(Exercise prompt):
Before you return the entries below, strip out the pictures and keep all else exact.

═════ Task data

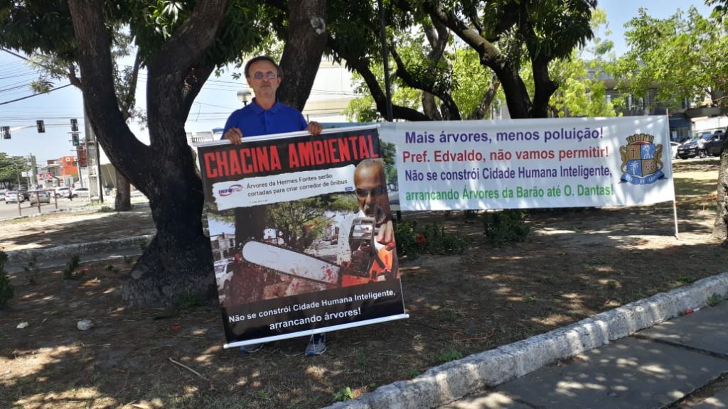 “O que o prefeito está fazendo na Rio de Janeiro, por exemplo, é uma obra decente porque está ocupando um espaço que não tem utilidade nenhuma hoje para fazer o corredor de ônibus. Parabéns pra o prefeito. Agora o que agente não pode aceitar, como cidadão, é que o prefeito inicie uma obra na Hermes Fontes sem consultar a população. E o mais grave: a Secretaria do Meio Ambiente tem que está a serviço é da população e não a serviço do prefeito. Ela não está ouvindo ninguém. Infelizmente, a realidade é essa”, conclui o líder do movimento, que está nas ruas com faixas e cartazes denunciando a ação da Prefeitura.
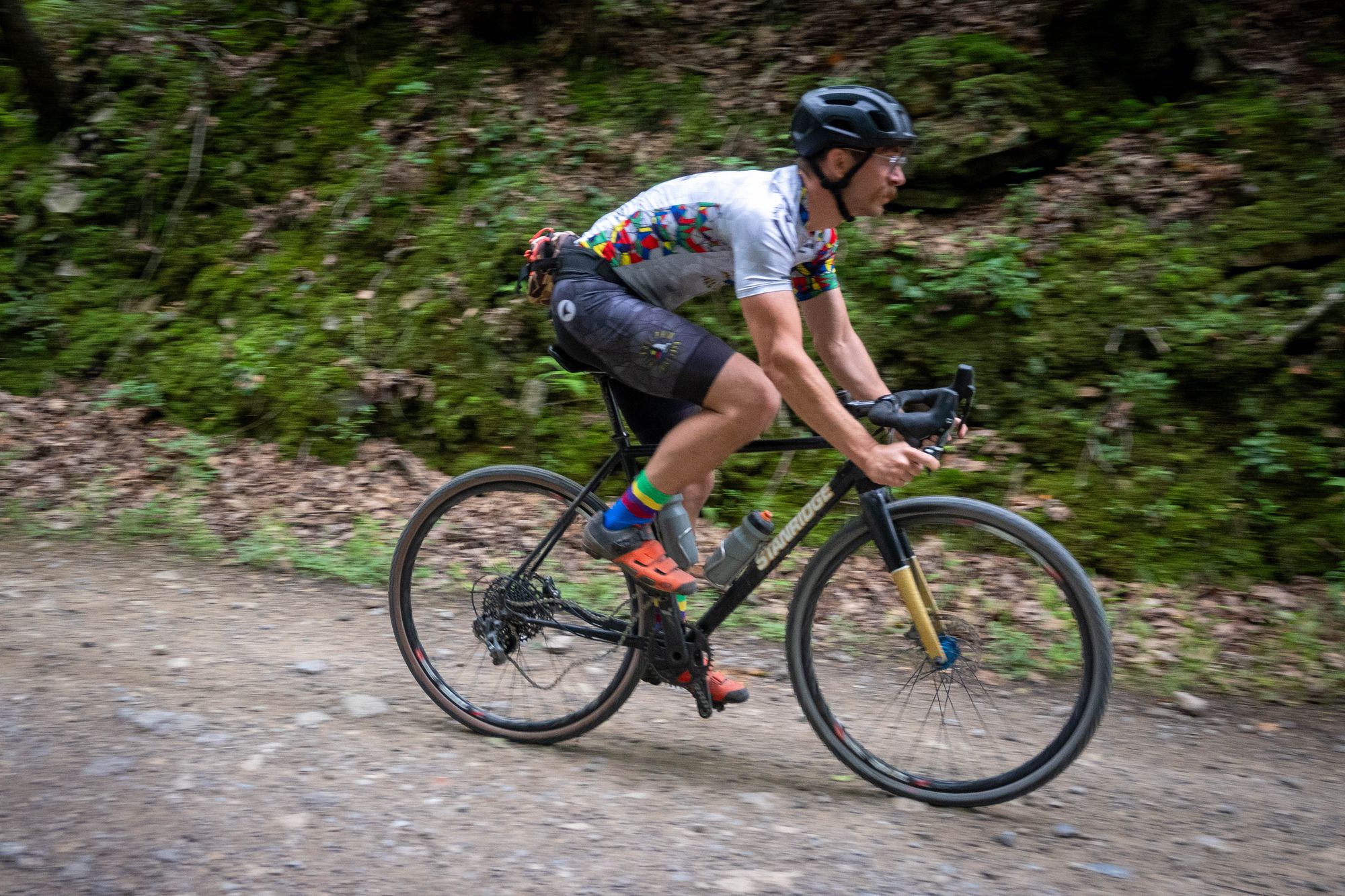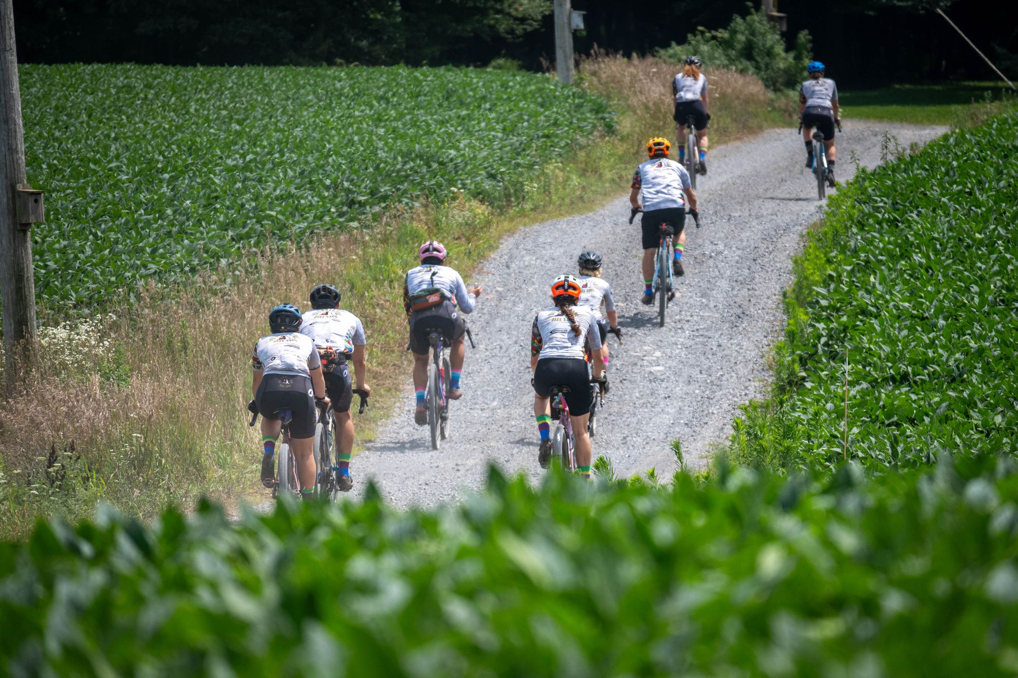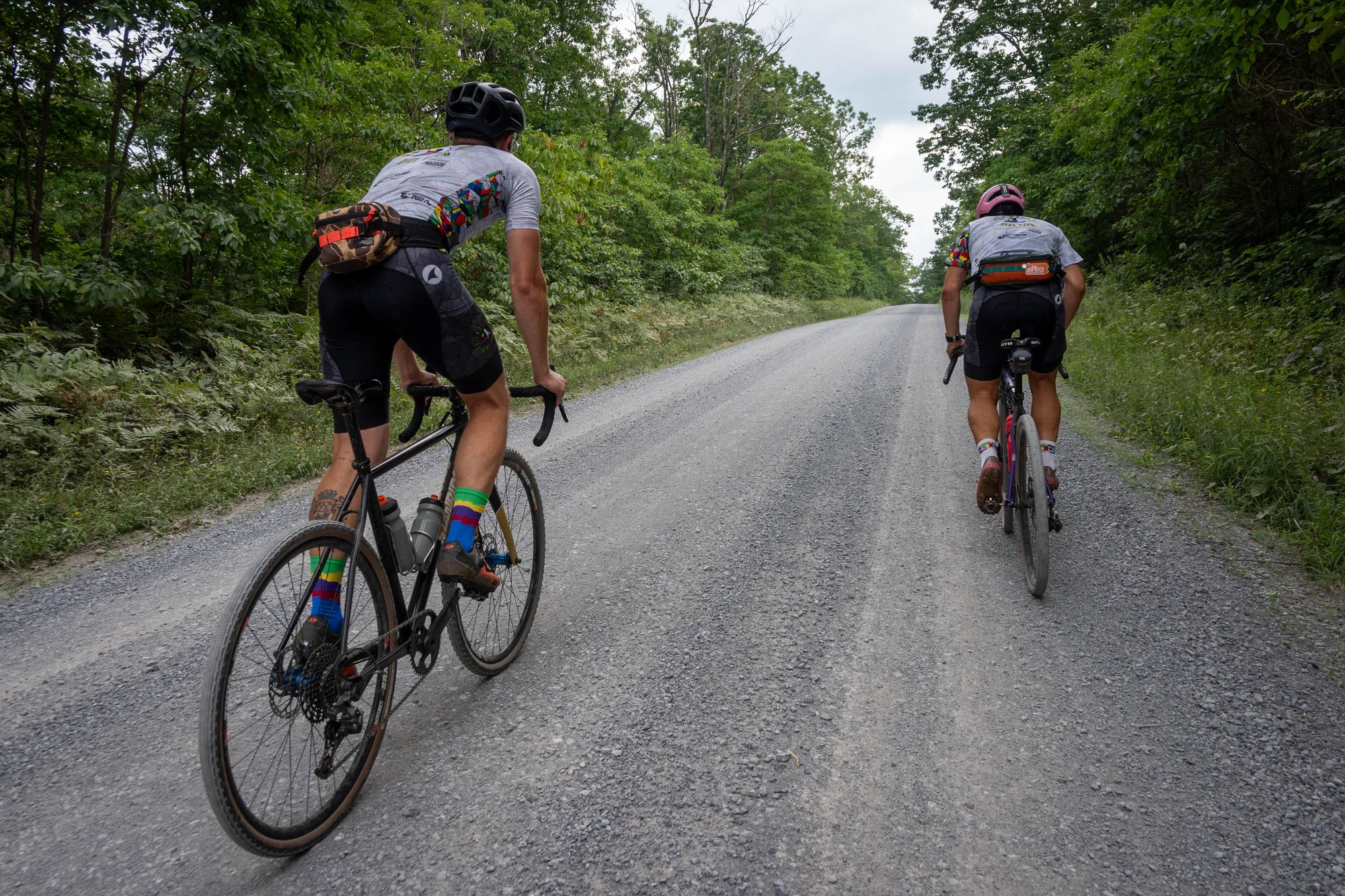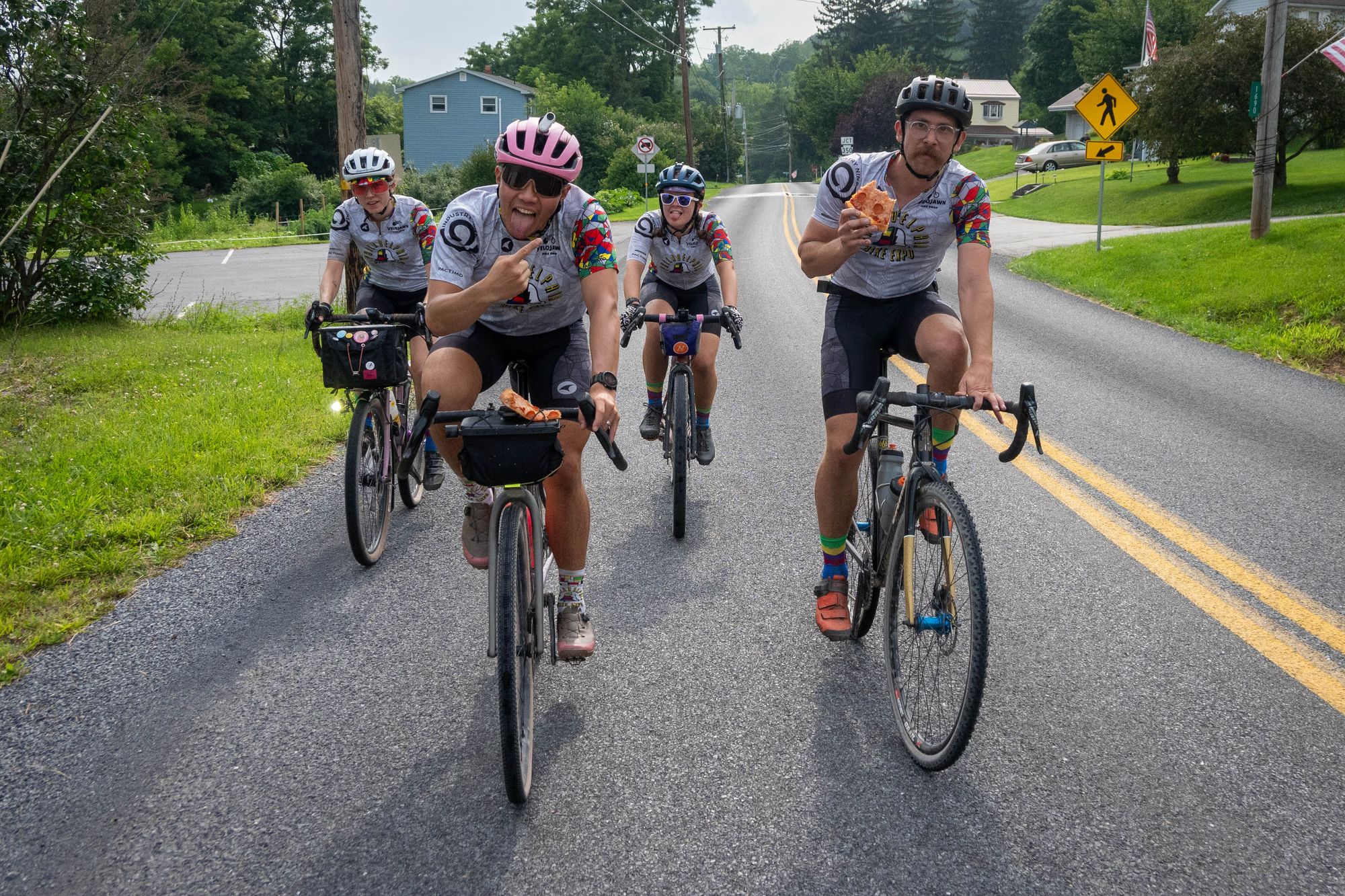 Idyllic country roads led us back to the ridge for a long but gently graded gravel climb. The rocky downhill tested us further by rattling bones and drivetrains. Regrouping at the base, we howled over the situation and grabbed hand-up pizza slices from our friends in the support vehicle.
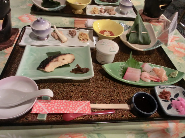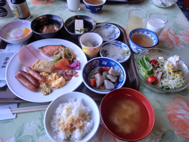 食事は、夕食は海の幸、カニと海鮮鍋で、朝はバイキングでのなかなかの内容の朝食でした。
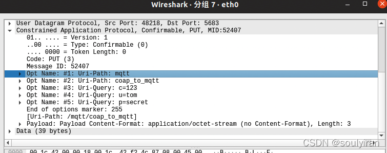 其中在抓包数据中可以看到,路径信息"/mqtt/coap_to_mqtt"以及clintID以及连接账户密码等配置是以CoAP Options形式发送的,因此需要额外配置。
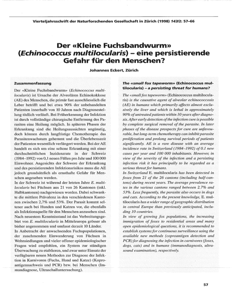 Vierteljahrsschrift der Naturforschenden Gesellschaft in Zürich (1998) 143/2: 57-66 Devi «Kleine •uc[isbandwurm» (Echinococc-u multilocularis) - eine persistio o de Gefahr für den Menschen? Johannes Eckert, Zürich Zusammenfassung Der «Kleine Fuchsbandwurm» (Echinococcus multilocularis) ist Ursache der Alveolären Echinokokkose (AE) des Menschen, die primär fast ausschliesslich die Leber betrifft und bei etwa 90% der unbehandelten Patienten innerhalb von 10 Jahren nach Diagnosestellung tödlich verläuft. Bei Früherkennung der Infektion ist dHrch vollsländige chirurgische Entfernung des Parasiten eine Heilung möglich. In späteren Phasen der Erkrankung sind die Heilungsaussichten ungünstig, doch können durch langfristige Chemotherapie das Parasitenwachstum gehemmt und die Überlebenszeit der Patienten wesentlich verlängert werden. Bei der AE handelt es sich um eine seltene Erkrankung mit einer durchschnittlicheH Inzidenzrale in der Schweiz (1984-1992) von 0,1 neuen Fällen pro Jahr und 100 000 Einwohner. Angesichts der Schwere der Erkrankung und des persistierenden Infektionsrisikos muss die AE jedoch grundsätzlich als ernsthafte Gefahr für Menschen angesehen werden. In der Schweiz ist während der letzten Jahre E. multilocularis bei Füchsen aus 21 von 26 Kantonen (inkl. HalbkantoneH) nachgewiesen worden. Dabei schwankte die mittlere Prävalenz in den verschiedenen Kantonen zwischen 2,7% und 53%. Der Parasit kommt seltener auch bei HundeH und Katzen vor, die ebenfalls als Infektionsquelle far den Menschen anzusehen sind. Nach neuestem Kenntnisstand ist das Verbreitungsgebiet von E. multilocularis in Mitteleuropa grösser als bisher angenommen und umfassl derzeit 10 Länder. In Anbetracht der anwachsenden Fuchspopulationen, der zunehmenden Einwanderung von Füchsen in Wohnsiedlungen und vieler offener epidemiologischer FrageH wird empfohlen, ein System zur ständigen Überwachung zu etablieren, und zwar unter Einsatz der verfügbaren neuen Methoden zur Diagnose der Infektion in Karnivoren (Fuchs, Hund und Katze) (Koproantigennachweis und PCR) bzw. bei Menschen (Immundiagnose, Ultraschalluntersuchung). The «small fox tapeworm» (Echinococcus multilocularis) — a persisting threat for humans? The «small fox tapeworm» (Echinococcus multilocularis) is the causative agent of alveolar echinococcosis (AE) in humans which primarily affects almost exclusively the liver and which is lethal in approximately 90% of untreated patients within 10 years after diagnosis. After early detection of the infection cure is possible by complete surgical removal of the parasite. In later phases of the disease prospects for cure are unfavourable, but long-term chemotherapy can inhibit parasite proliferation and prolong survival periods of patients significantly. AE is a rare disease with an average incidence rate in Switzerland (1984-1992) of 0.1 new cases per year and 100 000 inhabitants. However, in view of the severity of the infection and a persisting infection risk it has principally to be regarded as a serious threat for humans. In Switzerland E. multilocularis has been detected in foxes from 21 of the 26 cantons (including half-cantons) during recent years. The average prevalence rates in the various cantons ranged between 2.7% and 53%. Less frequently, the parasite also occurs in dogs and cats. According to the present knowledge, E. multilocularis has a wider range of geographic distribution in central Europe than previously anticipated, including 10 countries. In view of growing fox populations, the increasing immigration of foxes to residential areas and many open epidemiological questions, it is recommended to establish systems for continuous surveillance using the available new methods (coproantigen detection and PCR) for diagnosing the infection in carnivores (foxes, dogs, cats) and in humans (immunodiagnosis, ultrasound examination), respectively. 57 Johannes Eckert 1 EINLEITUNG Im Jahr 1852 beschrieb BUHL in München eine bis dahin unbekannte Lebergeschwulst des Menschen, die er wegen ihrer alveolären Struktur als «Alveolarkolloid» bezeichnete (PoSSELT, 1928). Bald danach (1855) identifizierte der berühmte Pathologe VIRCHOW einen Parasiten (Bandwurm) der Gattung Echinococcus als Ursache dieser Veränderung und nannte sie «multilokuläre, ulzerierende Echinokokkengeschwulst der Leber» (PoSSELT, 1928). Später bürgerte sich der Name «Alveoläre Echinokokkose» (AE) ein, und es stellte sich heraus, dass die Erkrankung dnrch ein Larvalstadium (Metazestode) des «Kleinen oder gefährlichen Fuchsbandwurmes» (Echinococcus multilocularis) hervorgerufen wird. In der Schweiz wurden die ersten Fälle von AE etwa 10 Jahre nach der Entdeckung VIRCHOW's diagnostiziert, und bis 1924 erfasste DARDEL (1927) 97 Fälle bei Schweizern und 5 importierte Fälle. Zu der damals selten diagnostizierten AE erwähnt DARDEL (1927), dass sie «sehr bösartig ist und der Träger fast immer an dieser Krankheit zugrunde geht». Wie ist die Situalion heute zu beurteilen? Ist die AE des Menschen noch immer eine in der Regel tödliche Infektion, wie hoch ist das Infektionsrisiko, stellen das Anwachsen der Fuchspopulationen und die zunehmende Einwanderung von Füchsen in Wohngebiete neue Risikofaktoren dar, und gibt es Fortschritte in der Diagnostik, Prophylaxe und BekämpfuHg? Zu diesen und anderen Fragen, die während der letzten Jahre zum Teil in den Massenmedien diskutiert worden sind, soll der folgende Artikel einige Informationen vermitteln. 2 Luftfeuchte von 27% innerhalb 2 Tagen ihre Infektiosität (VEIT et al., 1995). Die Bandwurmeier können von natürlichen Zwischenwirten (meistens Nagetieren) sowie auch gelegentlich vom Menschen und anderen Fehlwirten per os aufgenommen werden. Im Gegensatz zu den Zwischenwirten haben Fehlwirte im Entwicklungszyklus keine Bedeutung und stellen für den Parasiten eine biologische Sackgasse dar (Abb. 1). DER PARASIT UND SEIN ENTWICKLUNGSZYKLUS Der «Kleine Fuch

══════════

(Solved problem):
 “O que o prefeito está fazendo na Rio de Janeiro, por exemplo, é uma obra decente porque está ocupando um espaço que não tem utilidade nenhuma hoje para fazer o corredor de ônibus. Parabéns pra o prefeito. Agora o que agente não pode aceitar, como cidadão, é que o prefeito inicie uma obra na Hermes Fontes sem consultar a população. E o mais grave: a Secretaria do Meio Ambiente tem que está a serviço é da população e não a serviço do prefeito. Ela não está ouvindo ninguém. Infelizmente, a realidade é essa”, conclui o líder do movimento, que está nas ruas com faixas e cartazes denunciando a ação da Prefeitura.
 Idyllic country roads led us back to the ridge for a long but gently graded gravel climb. The rocky downhill tested us further by rattling bones and drivetrains. Regrouping at the base, we howled over the situation and grabbed hand-up pizza slices from our friends in the support vehicle.
 食事は、夕食は海の幸、カニと海鮮鍋で、朝はバイキングでのなかなかの内容の朝食でした。
 其中在抓包数据中可以看到,路径信息"/mqtt/coap_to_mqtt"以及clintID以及连接账户密码等配置是以CoAP Options形式发送的,因此需要额外配置。
 Vierteljahrsschrift der Naturforschenden Gesellschaft in Zürich (1998) 143/2: 57-66 Devi «Kleine •uc[isbandwurm» (Echinococc-u multilocularis) - eine persistio o de Gefahr für den Menschen? Johannes Eckert, Zürich Zusammenfassung Der «Kleine Fuchsbandwurm» (Echinococcus multilocularis) ist Ursache der Alveolären Echinokokkose (AE) des Menschen, die primär fast ausschliesslich die Leber betrifft und bei etwa 90% der unbehandelten Patienten innerhalb von 10 Jahren nach Diagnosestellung tödlich verläuft. Bei Früherkennung der Infektion ist dHrch vollsländige chirurgische Entfernung des Parasiten eine Heilung möglich. In späteren Phasen der Erkrankung sind die Heilungsaussichten ungünstig, doch können durch langfristige Chemotherapie das Parasitenwachstum gehemmt und die Überlebenszeit der Patienten wesentlich verlängert werden. Bei der AE handelt es sich um eine seltene Erkrankung mit einer durchschnittlicheH Inzidenzrale in der Schweiz (1984-1992) von 0,1 neuen Fällen pro Jahr und 100 000 Einwohner. Angesichts der Schwere der Erkrankung und des persistierenden Infektionsrisikos muss die AE jedoch grundsätzlich als ernsthafte Gefahr für Menschen angesehen werden. In der Schweiz ist während der letzten Jahre E. multilocularis bei Füchsen aus 21 von 26 Kantonen (inkl. HalbkantoneH) nachgewiesen worden. Dabei schwankte die mittlere Prävalenz in den verschiedenen Kantonen zwischen 2,7% und 53%. Der Parasit kommt seltener auch bei HundeH und Katzen vor, die ebenfalls als Infektionsquelle far den Menschen anzusehen sind. Nach neuestem Kenntnisstand ist das Verbreitungsgebiet von E. multilocularis in Mitteleuropa grösser als bisher angenommen und umfassl derzeit 10 Länder. In Anbetracht der anwachsenden Fuchspopulationen, der zunehmenden Einwanderung von Füchsen in Wohnsiedlungen und vieler offener epidemiologischer FrageH wird empfohlen, ein System zur ständigen Überwachung zu etablieren, und zwar unter Einsatz der verfügbaren neuen Methoden zur Diagnose der Infektion in Karnivoren (Fuchs, Hund und Katze) (Koproantigennachweis und PCR) bzw. bei Menschen (Immundiagnose, Ultraschalluntersuchung). The «small fox tapeworm» (Echinococcus multilocularis) — a persisting threat for humans? The «small fox tapeworm» (Echinococcus multilocularis) is the causative agent of alveolar echinococcosis (AE) in humans which primarily affects almost exclusively the liver and which is lethal in approximately 90% of untreated patients within 10 years after diagnosis. After early detection of the infection cure is possible by complete surgical removal of the parasite. In later phases of the disease prospects for cure are unfavourable, but long-term chemotherapy can inhibit parasite proliferation and prolong survival periods of patients significantly. AE is a rare disease with an average incidence rate in Switzerland (1984-1992) of 0.1 new cases per year and 100 000 inhabitants. However, in view of the severity of the infection and a persisting infection risk it has principally to be regarded as a serious threat for humans. In Switzerland E. multilocularis has been detected in foxes from 21 of the 26 cantons (including half-cantons) during recent years. The average prevalence rates in the various cantons ranged between 2.7% and 53%. Less frequently, the parasite also occurs in dogs and cats. According to the present knowledge, E. multilocularis has a wider range of geographic distribution in central Europe than previously anticipated, including 10 countries. In view of growing fox populations, the increasing immigration of foxes to residential areas and many open epidemiological questions, it is recommended to establish systems for continuous surveillance using the available new methods (coproantigen detection and PCR) for diagnosing the infection in carnivores (foxes, dogs, cats) and in humans (immunodiagnosis, ultrasound examination), respectively. 57 Johannes Eckert 1 EINLEITUNG Im Jahr 1852 beschrieb BUHL in München eine bis dahin unbekannte Lebergeschwulst des Menschen, die er wegen ihrer alveolären Struktur als «Alveolarkolloid» bezeichnete (PoSSELT, 1928). Bald danach (1855) identifizierte der berühmte Pathologe VIRCHOW einen Parasiten (Bandwurm) der Gattung Echinococcus als Ursache dieser Veränderung und nannte sie «multilokuläre, ulzerierende Echinokokkengeschwulst der Leber» (PoSSELT, 1928). Später bürgerte sich der Name «Alveoläre Echinokokkose» (AE) ein, und es stellte sich heraus, dass die Erkrankung dnrch ein Larvalstadium (Metazestode) des «Kleinen oder gefährlichen Fuchsbandwurmes» (Echinococcus multilocularis) hervorgerufen wird. In der Schweiz wurden die ersten Fälle von AE etwa 10 Jahre nach der Entdeckung VIRCHOW's diagnostiziert, und bis 1924 erfasste DARDEL (1927) 97 Fälle bei Schweizern und 5 importierte Fälle. Zu der damals selten diagnostizierten AE erwähnt DARDEL (1927), dass sie «sehr bösartig ist und der Träger fast immer an dieser Krankheit zugrunde geht». Wie ist die Situalion heute zu beurteilen? Ist die AE des Menschen noch immer eine in der Regel tödliche Infektion, wie hoch ist das Infektionsrisiko, stellen das Anwachsen der Fuchspopulationen und die zunehmende Einwanderung von Füchsen in Wohngebiete neue Risikofaktoren dar, und gibt es Fortschritte in der Diagnostik, Prophylaxe und BekämpfuHg? Zu diesen und anderen Fragen, die während der letzten Jahre zum Teil in den Massenmedien diskutiert worden sind, soll der folgende Artikel einige Informationen vermitteln. 2 Luftfeuchte von 27% innerhalb 2 Tagen ihre Infektiosität (VEIT et al., 1995). Die Bandwurmeier können von natürlichen Zwischenwirten (meistens Nagetieren) sowie auch gelegentlich vom Menschen und anderen Fehlwirten per os aufgenommen werden. Im Gegensatz zu den Zwischenwirten haben Fehlwirte im Entwicklungszyklus keine Bedeutung und stellen für den Parasiten eine biologische Sackgasse dar (Abb. 1). DER PARASIT UND SEIN ENTWICKLUNGSZYKLUS Der «Kleine Fuch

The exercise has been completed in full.